Robert Hansena former FBI agent who was sentenced to life in prison in 2002 for spy for russia during and after the Cold War he was found dead in his cell in a federal prison in Colorado, according to the Federal Bureau of Prisons.
The office said in a statement that Hanssen, 79, was found unconscious at the Florence United States Penitentiary in Colorado shortly before 7 a.m. and was pronounced dead after rescue efforts.
On January 12, 1976, Robert Philip Hanssen was sworn to uphold the law and protect the nation as an FBI special agent. Instead, he became the most damaging spy in that force’s history.

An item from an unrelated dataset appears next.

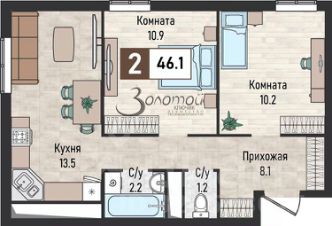 В новом развивающемся районе в поселке Иноземцево продается 2 комнатная квартира 46,1 кв.м, изол.комнаты, разд.санузел, без отделки.

When he was arrested in February 2001, the man He had been spying for the Russians for more than 20 years, not only passing inside information from the FBI but also from the CIA and the State Department.
He never spied for ideological reasons or for national sympathies. He did it first for the Soviet Union and continued to do it for Russia, regardless of the passage from socialism to capitalism and the fall of the Berlin Wall.

His engine was always moneya lot of money: in those two decades of mole work – according to the FBI investigation – pocketed $1,400,000 in cashthe same in bank transfers to accounts in tax havens and a true collection of diamonds which, as is known, are easily convertible into banknotes.
In exchange, he handed over to US intelligence agents operating abroad, state secrets, intelligence organization charts, and also gave notice of operations under way to capture Russian spies operating in the United States, of whom he had first-hand information. because they had assigned him to the FBI Counterintelligence area.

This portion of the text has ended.